Bad decisions can often be traced back to the way the decisions were made--the alternatives were not clearly defined, the right information was not collected, the costs and benefits were not accurately weighed. But sometimes the fault lies not in the decision-making process but rather in the mind of the decision maker. The way the human brain works can sabotage the choices we make. Eight psychological traps that are particularly likely to affect the way we make business decisions are examined. The anchoring trap leads us to give disproportionate weight to the first information we receive. The status-quo trap biases us toward maintaining the current situation--even when better alternatives exist. The sunk-cost trap inclines us to perpetuate the mistakes of the past. The confirming-evidence trap leads us to seek out information supporting an existing predilection and to discount opposing information. The framing trap occurs when we misstate a problem, undermining the entire decision-making process. The overconfidence trap makes us over-estimate the accuracy of our forecasts. The prudence trap leads us to be overcautious when we make estimates about uncertain events.

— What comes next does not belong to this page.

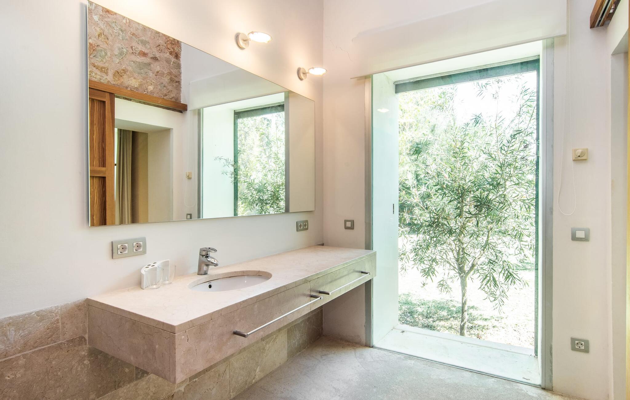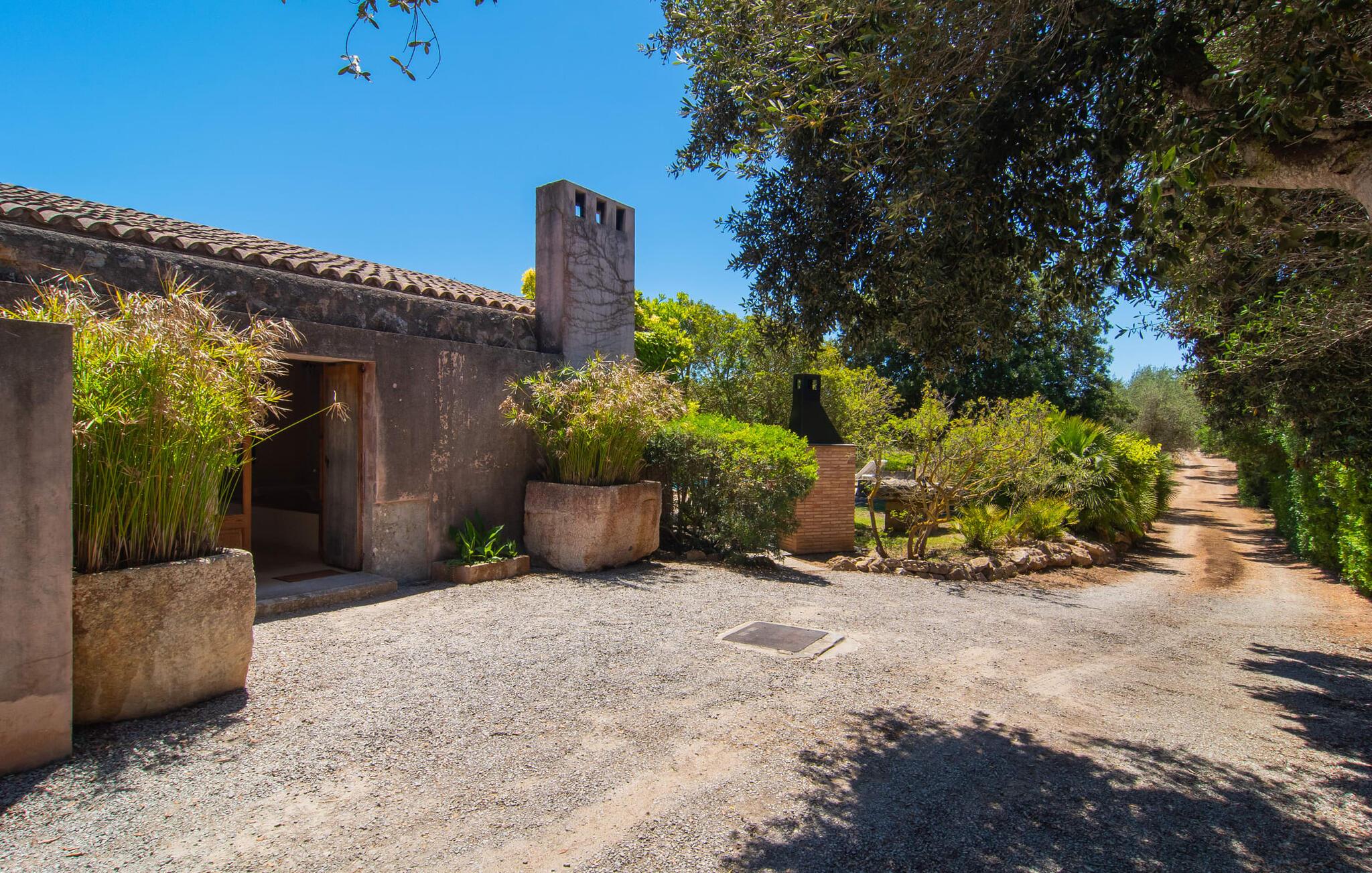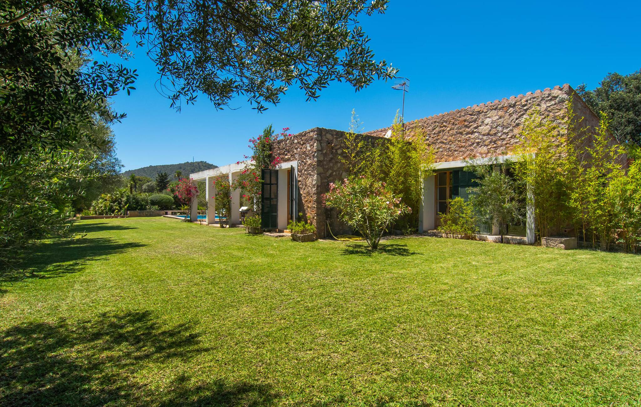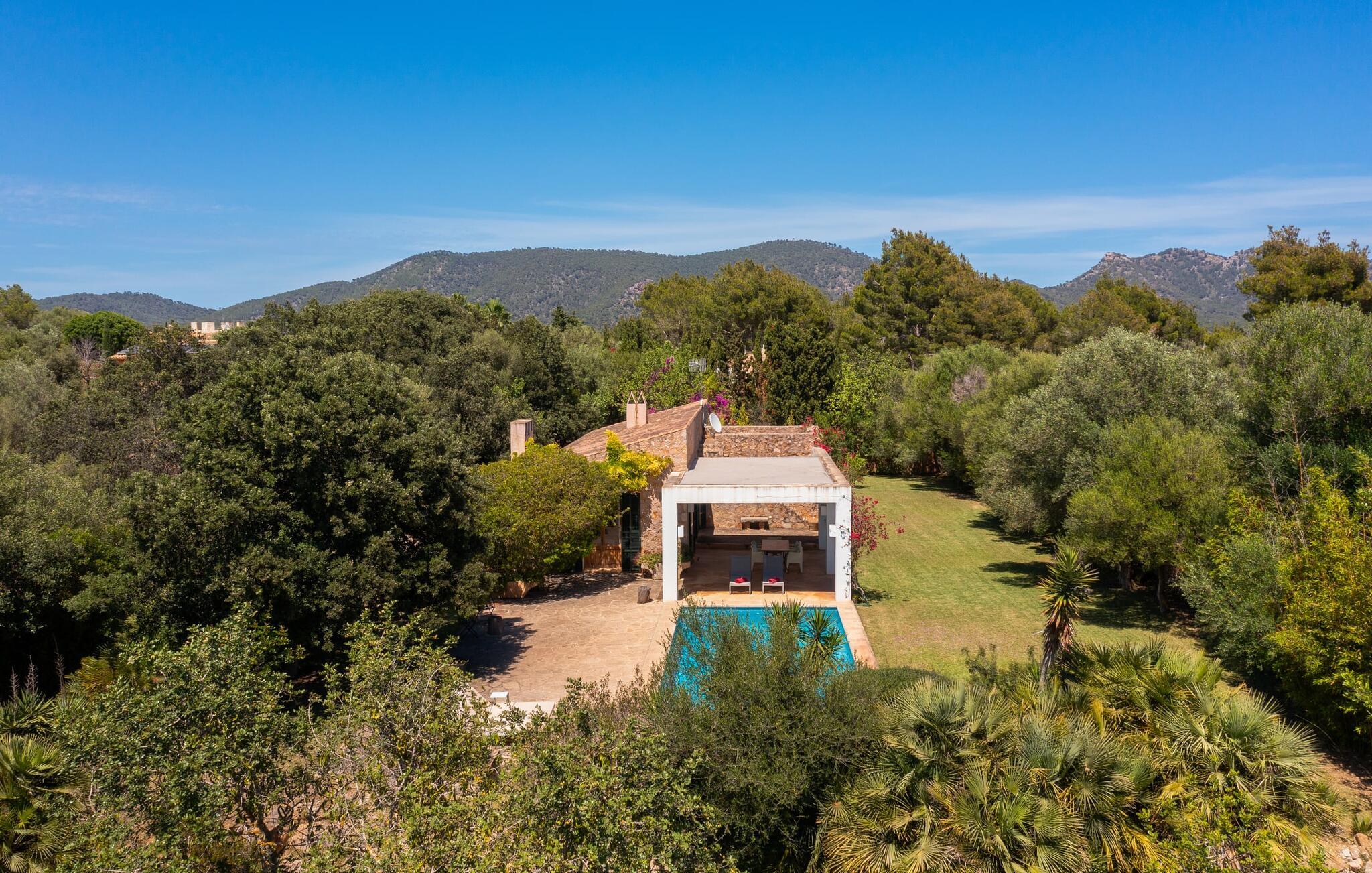 en rolig, landlig beliggenhed i den østlige del af Mallorca og kun 500 m fra stranden i Port Nou, er villaen "Plana Petita" et særligt charmerende tilflugtssted, der byder velkommen til feriegæster, der søger fred og ro. Der er flere andre villaer i området, men I kan stadig være sikker på, at I vil nyde fuldstændig privatliv under jeres ophold i "Plana Petita". Omgivet af en idyllisk, frodig grøn have med frodige træer, kan I helt fordybe jer i behagelig afslapning. Den rustikke og æstetiske atmosfære giver jer et meget behageligt grundlag for virkelig at slappe af. På siden af huset er der en rummelig græsplæne, hvor de små feriegæster, der måtte ledsage jer, kan rende rundt og lege, som de vil. Den overdækkede terrasse foran huset er indrettet med spisebord og stole og byder på en skøn plads til al fresco spisning. I kan også spise her, mens I nyder den vidunderlige udsigt over det frodige, grønne landskab. Den private pool måler 8 x 4 m og varierer i dybden mellem 0,80 og 1,80 m. Parasoller og komfortable liggestole inviterer jer til at slappe af. Om aftenen kan I lave mad på den mobile grill og derefter nyde regionens solide lækkerier. Hvis I gerne vil være vært for en fest under jeres ophold, beder vi jer altid give os besked på forhånd. Af hensyn til andre feriegæster i nærheden kan der ikke holdes fester i villaen. Det er dog fuldt ud muligt at holde en fest i restauranten, som også ejes af villaejerne, hvilket måske er endnu hyggeligere! Huset i bungalowstil er beregnet til fire personer og har to soveværelser og to badeværelser. Disse komfortable funktioner gør villaen ideel til to par, der er venner, da det giver jer mulighed for at være sammen og stadig have jeres egne områder og værelser, der er lige til jer. Interiøret er overvejende i rustik-antik stil og accentueres hist og her af moderne indretning. Resultatet er en yderst individuel charme, der så at sige er direkte fornøjelig. Vægge og gulve er lyse og giver i kombination med de fritlagte bjælkelofter rummene en indbydende, hyggelig atmosfære. Den åbne stue/spisestue har et stort vindue, en pejs, to komfortable sofaer og et rummeligt spisebord. Et tv med satellitforbindelse samt en cd- og dvd-afspiller sørger for underholdning, hvis det kræves. Det integrerede køkken er fuldt møbleret og tilbyder jer alt, hvad I har brug for til jeres daglige, køkkenrelaterede feriebehov. Disse omfatter et komfur, en ovn, en opvaskemaskine, en mikrobølgeovn, en vaskemaskine, en kedel og en Goteo-kaffemaskine. De, der søger fred og afslapning, kan forvente en fredelig atmosfære i de to smagfuldt indrettede soveværelser. Der er et soveværelse med en dobbeltseng (1,80m x 2,00m) og for et ekstra strejf af luksus, et tilstødende en-suite badeværelse med en stor bruser. Det andet soveværelse har to enkeltsenge, der måler 0,90 mx 2,00 m. Det andet badeværelse er udstyret med badekar. Da Wi-Fi er tilgængeligt i hele huset, er der intet, der står i vejen for at oprette forbindelse til omverdenen. En kedel og hårtørrer er til rådighed for jeres bekvemmelighed, så I ikke behøver at spilde bagageplads ved at medbringe jeres egen bagage hjemmefra. Denne villa har en unik beliggenhed. I bil kan I hurtigt og nemt komme til feriebyerne Cala Millor, Canyamel, Cala Rajada, Capdepera og Artà. En lille promenade løber rundt om hovedstranden i Cala Bona med adskillige caféer og restauranter med terrasser, hvorfra I kan nyde den vidunderlige havudsigt. I havnen kan I sidde med en tidlig morgenkaffe og se fiskerbådene sejle ud på havet eller prøve lækre tapas om aftenen. For omfattende shoppingoplevelser er det bedst at besøge det nærliggende Cala Millor (4 km). Der er tre imponerende 18-hullers golfbaner i nærheden af Cala Bona. I kan også opleve smukke dage, for eksempel i Manacor eller det spektakulære drypstenshulesystem "Cueves del Drach". I Son Servera er der et traditionelt marked, som I kan besøge om fredagen. I helt rolige omgivelser finder I villaen “Plana Petita”, som ligger kun 3 km fra kystbyen Cala Bona. Den tidligere fiskerby er nu et behageligt turiststed. I kan shoppe til jeres daglige behov enten her eller i Son Servera (5 km). På få minutter i bil fra dette feriehus kan I nå den smukke sandstrand ved Costa de los Pinos samt flere andre fine sandbugter, der er ideelle til svømning.

And the recallability trap leads us to give undue weight to recent, dramatic events. The best way to avoid all the traps is awareness--forewarned is forearmed. The authors show how to take action to ensure that important business decisions are sound and reliable.

决策中隐藏的陷阱。
错误的决策往往可以追溯到决策的方式——没有明确定义备选方案,没有收集正确的信息,没有准确权衡成本和收益。但有时错误并不在于决策过程,而在于决策者的思想。人类大脑的工作方式会破坏我们做出的选择。以下是八种特别可能影响我们做出商业决策的心理陷阱。锚定陷阱使我们对收到的第一个信息给予不成比例的重视。维持现状的陷阱使我们倾向于维持现状——即使有更好的选择。沉没成本陷阱使我们倾向于延续过去的错误。确证陷阱导致我们寻找支持现有偏好的信息,而忽略相反的信息。当我们错误地描述一个问题时,就会出现框架陷阱,破坏整个决策过程。过度自信的陷阱使我们高估了预测的准确性。审慎陷阱使我们在对不确定事件作出估计时过于谨慎。可回忆性陷阱使我们过分重视最近发生的戏剧性事件。避免所有陷阱的最好方法是意识——预先警告就是预先准备。作者展示了如何采取行动来确保重要的商业决策是合理和可靠的。
本文章由计算机程序翻译,如有差异,请以英文原文为准。